**Task to complete**
Omit the pictures and return exactly the stretch of the material below from the line with "- Blind side" through the line with "To the right".

**Material to process**
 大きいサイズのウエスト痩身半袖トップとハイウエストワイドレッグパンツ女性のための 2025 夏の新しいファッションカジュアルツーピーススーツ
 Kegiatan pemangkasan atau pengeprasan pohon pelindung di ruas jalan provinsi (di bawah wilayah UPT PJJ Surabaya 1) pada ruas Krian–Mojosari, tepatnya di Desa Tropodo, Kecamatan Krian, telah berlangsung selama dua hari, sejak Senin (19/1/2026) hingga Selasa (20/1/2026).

---

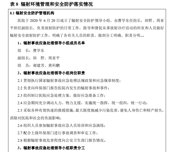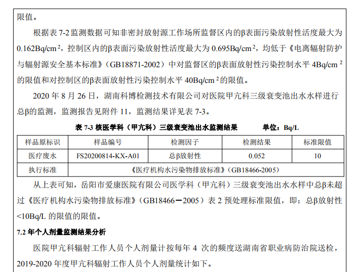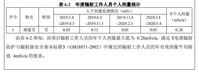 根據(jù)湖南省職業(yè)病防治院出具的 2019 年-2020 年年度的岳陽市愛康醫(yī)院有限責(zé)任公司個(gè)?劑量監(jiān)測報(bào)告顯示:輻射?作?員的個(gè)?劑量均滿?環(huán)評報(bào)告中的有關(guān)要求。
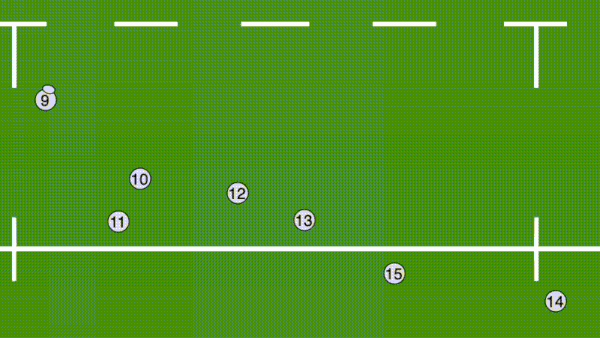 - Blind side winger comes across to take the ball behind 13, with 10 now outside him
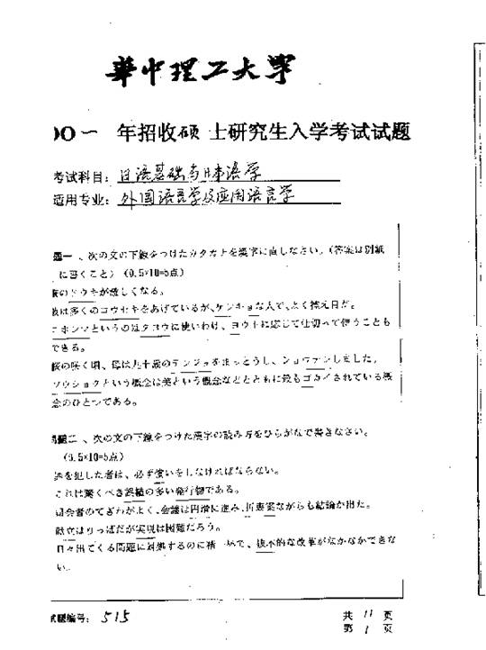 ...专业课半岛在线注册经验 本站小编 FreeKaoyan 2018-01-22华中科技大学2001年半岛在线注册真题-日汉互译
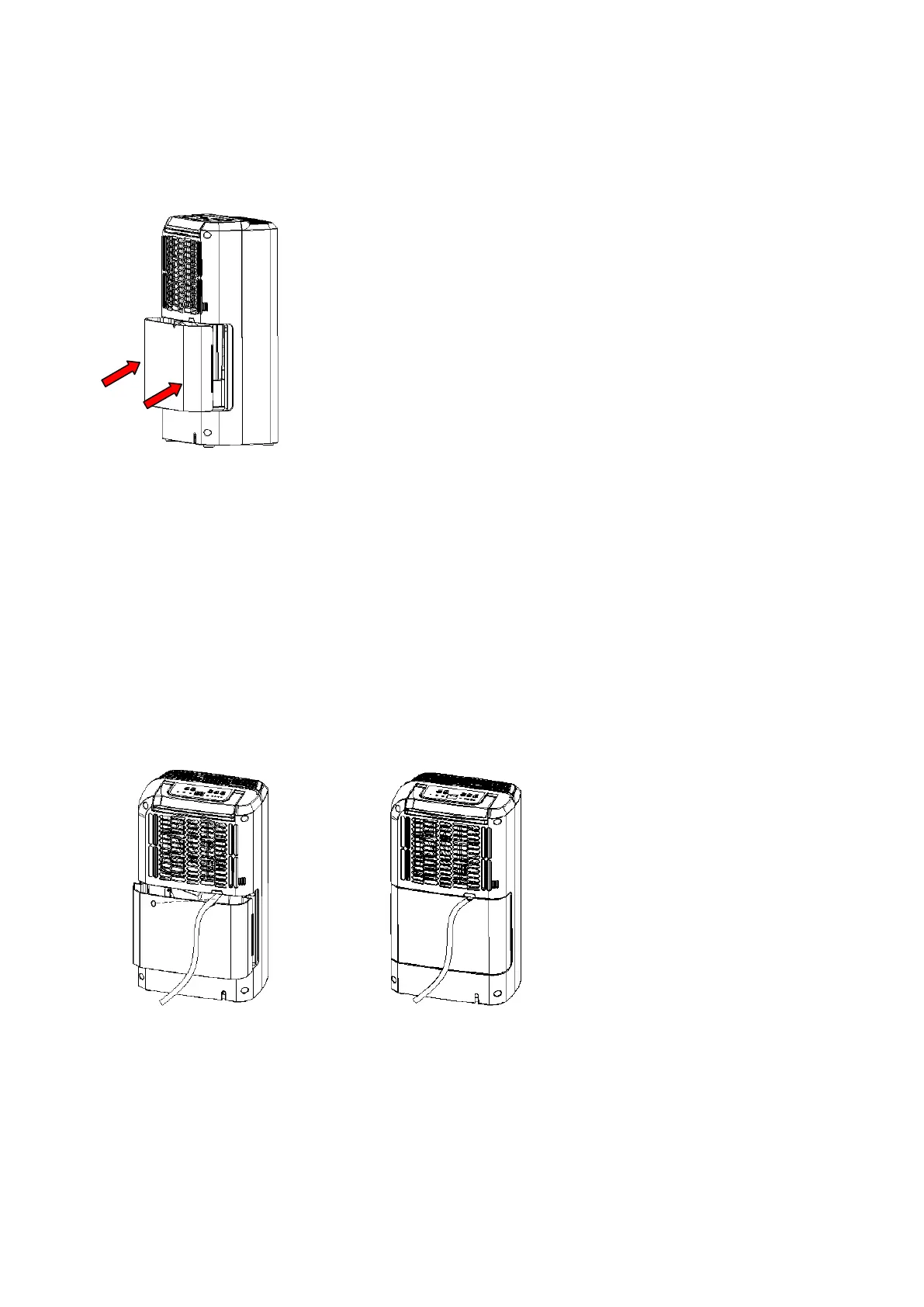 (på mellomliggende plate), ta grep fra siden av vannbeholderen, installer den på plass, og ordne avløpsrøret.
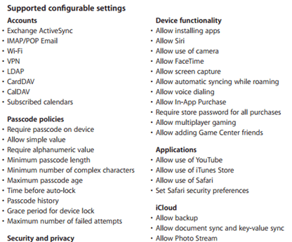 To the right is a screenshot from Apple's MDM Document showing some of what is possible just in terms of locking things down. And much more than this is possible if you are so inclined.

**Finished exercise**
 - Blind side winger comes across to take the ball behind 13, with 10 now outside him
 ...专业课半岛在线注册经验 本站小编 FreeKaoyan 2018-01-22华中科技大学2001年半岛在线注册真题-日汉互译
 (på mellomliggende plate), ta grep fra siden av vannbeholderen, installer den på plass, og ordne avløpsrøret.
 To the right is a screenshot from Apple's MDM Document showing some of what is possible just in terms of locking things down. And much more than this is possible if you are so inclined.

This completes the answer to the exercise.